Lower bound for ϵ-tester with one-sided error for the "2-injective" property of functions

Question

An $\epsilon$-tester given an input and a property, is defined as follows:
If the input holds the property then the tester should accept with probability at least $\frac 2 3$. Otherwise if the input is more than $\epsilon$ far from holding the property then the tester should reject with probability at least $\frac 2 3$. Meaning that if the input holds the property, with $f$ being less than $\epsilon$ far from not holding the property, the algorithm should accept with probability at least $\frac 2 3$. If we need to change at least ϵn values of $f$ in order to obtain a function satisfying the property then the algorithm should reject with probability at least $\frac 2 3$.

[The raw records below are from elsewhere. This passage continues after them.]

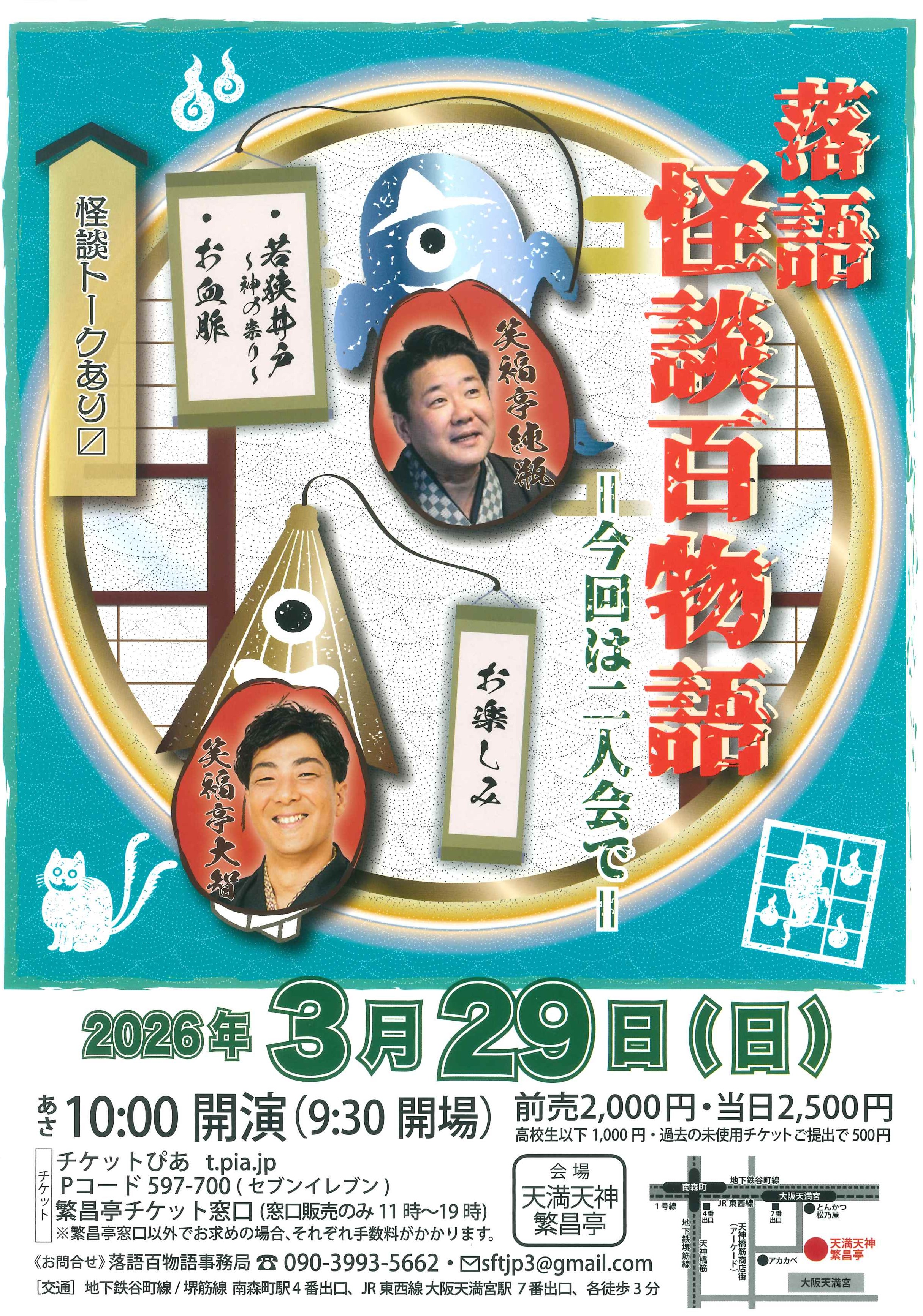 笑福亭純瓶の出演予定番組 朝3月29日(日) 落語・怪談百物語 ~今回は二人会~ 笑福亭純瓶「若狭井戸~神の祟り~」「お血脈」/笑福亭大智「お楽しみ」 ※怪談トーク有 開演:午前10時(9時30分開場) 前売2,000円 当日2,500円 高校生以下 前売・当日共1,000円 お問合せ:落語・怪談百物語事務局 090-3993-5662 sftjp3@gmail.com 昼5月20日(水) 笑福亭鉄瓶 第20回繁昌亭大賞 受賞記念ウィーク 桂健枝郎/笑福亭茶光/林家菊丸/旭堂小南陵(講談)/笑福亭純瓶/桂米団治~仲入~記念口上/森乃石松/内海英華(女道楽)/笑福亭鉄瓶 ★菟道亭配信あり ※3月20日発売予定
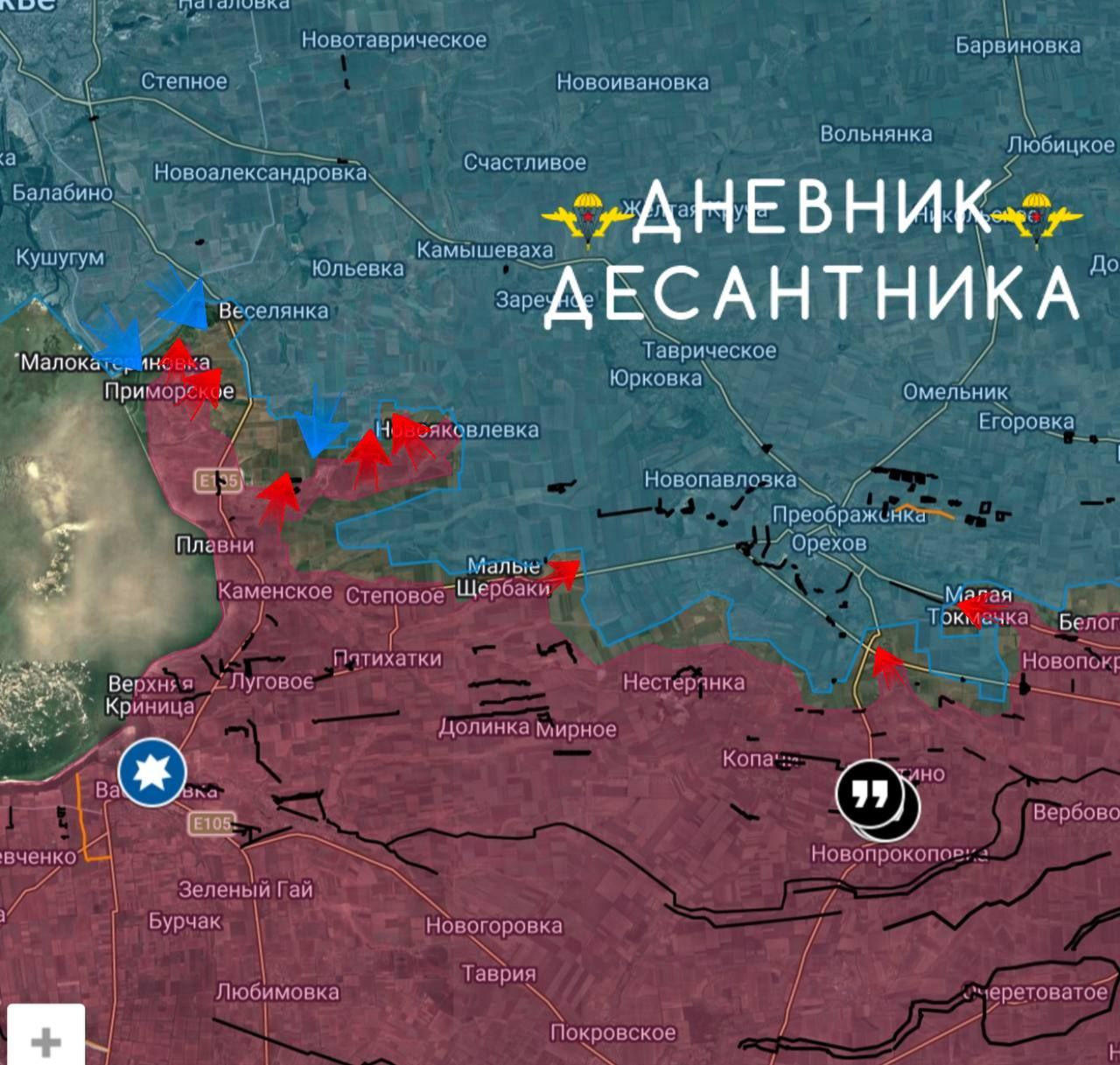 Десантники двигаются на север от населенного пункта, линия фронта не ровная и позиции ВС РФ и ВСУ смешанные, мы в свою очередь контролируем каждую нашу штурмовую группу ВДВ. Противник пытается огрызаться и контратаковать наши позиции. Два дня назад вечером враг пытался на 2х БМ машинах заехать на наши позиции с живой силой в результате чего был успешно уничтожен.
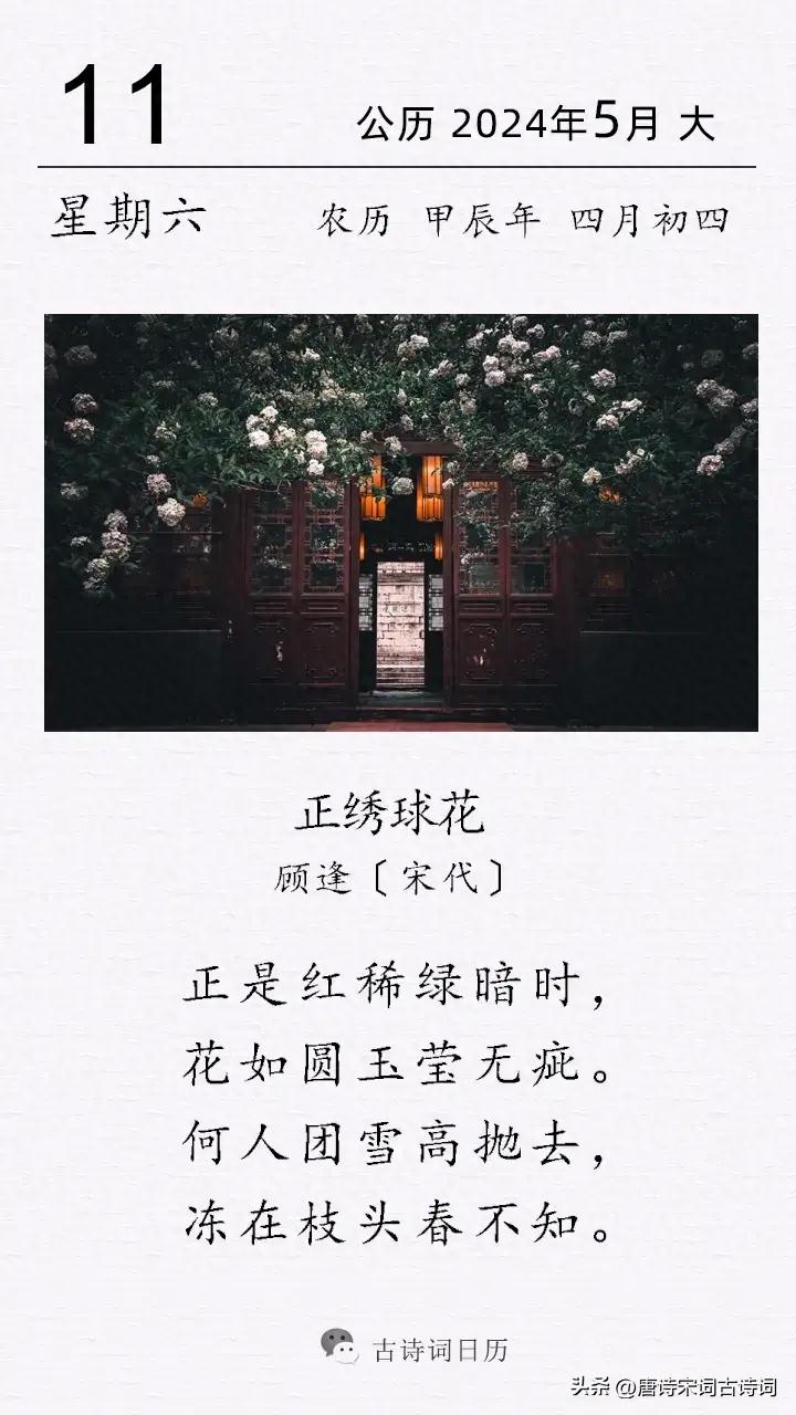 這是宋代詩人顧逢的一首詠繡球花詩。

A tester with one-sided error is a tester, given an input, if the input holds the property then the tester accepts the input with probability 1.

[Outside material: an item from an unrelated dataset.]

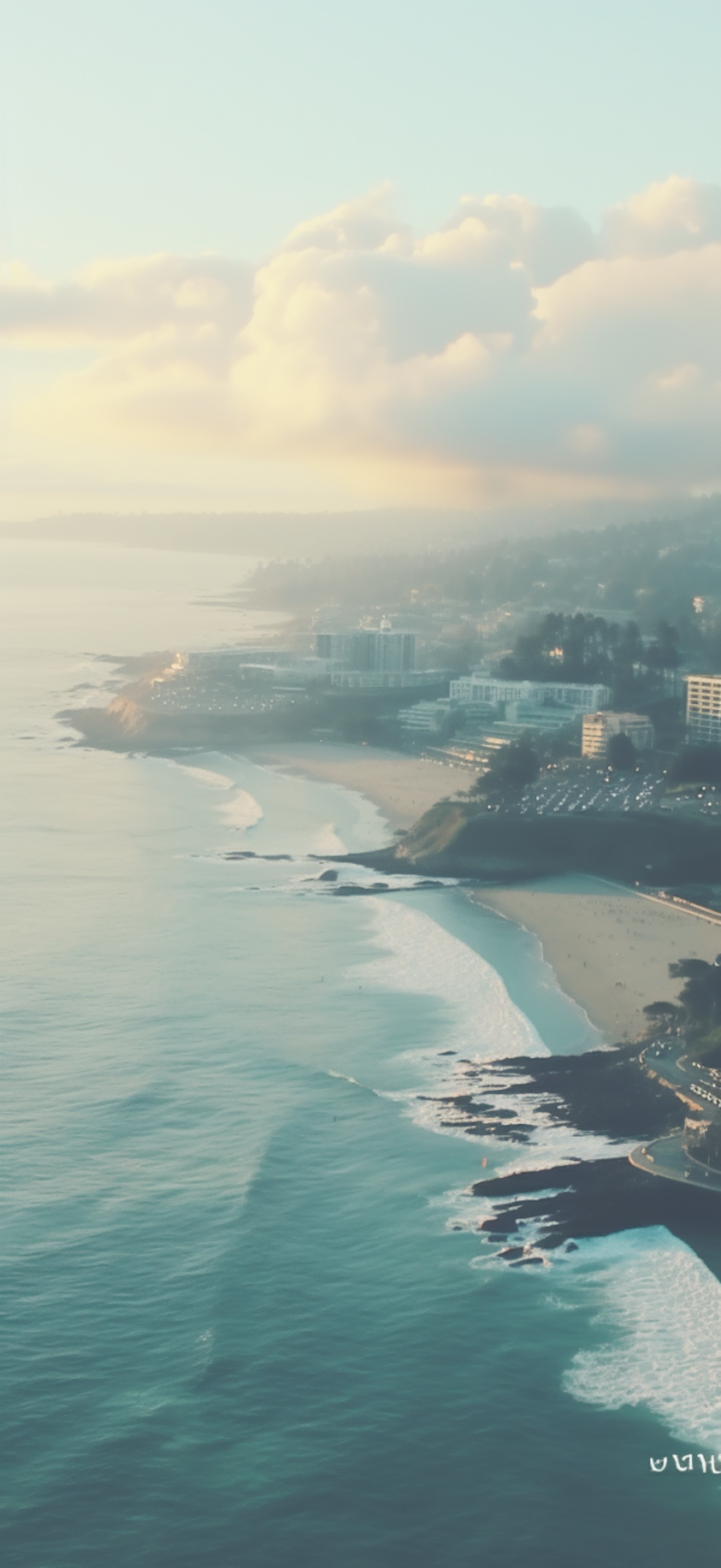 A tranquil coastal view with gentle waves, rocky shoreline, and a distant cityscape under a soft, cloud-filled sky.
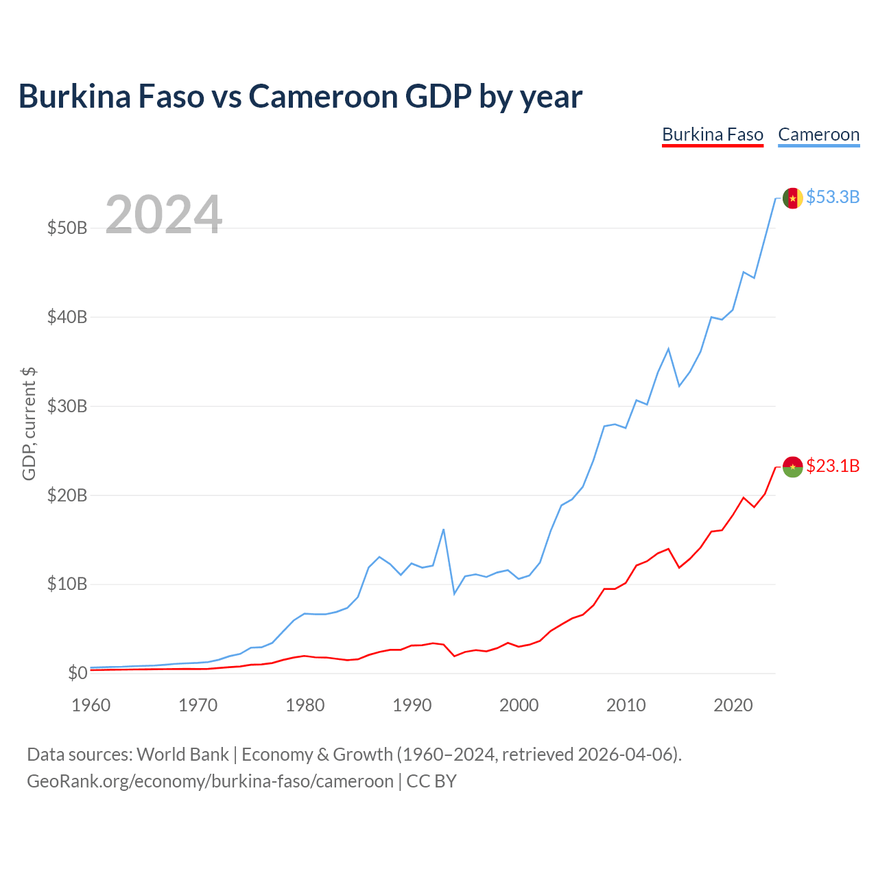 Burkina Faso has a GDP of $23.1B compared to $53.3B for Cameroon, ranking 122/197 and 91/197 by economy size, respectively.

A 2-injective function $f\colon [2n] \to [n]$ is a function such that for all $1 \leq k \leq n$ there exist $1 \leq i<j \leq 2n$ such that $f(i) = f(j)=k$ and there is no other $l \neq i,j $ such that $ f(l)=k $. Here $[m]$ for $m\ge1$ is the set of first $m$ positive integers, $\{1,2,\cdots, m\}$.

We can check that $f$ has more than $\epsilon$ of the input that do not hold the property iff $$\frac{2\left|\{k\in[n]: f^{-1}(k)=\emptyset\}\right| + \left|\{k\in[n]: |f^{-1}(k)|=1\}\right|}{2n} \gt \epsilon$$

We need to show that there exists $\epsilon$, for which an $\epsilon$-tester with one-sided error of a function $f\colon [2n] \to [n]$ for the "2-injective" property, requires $\Omega(n^{2/3})$ queries.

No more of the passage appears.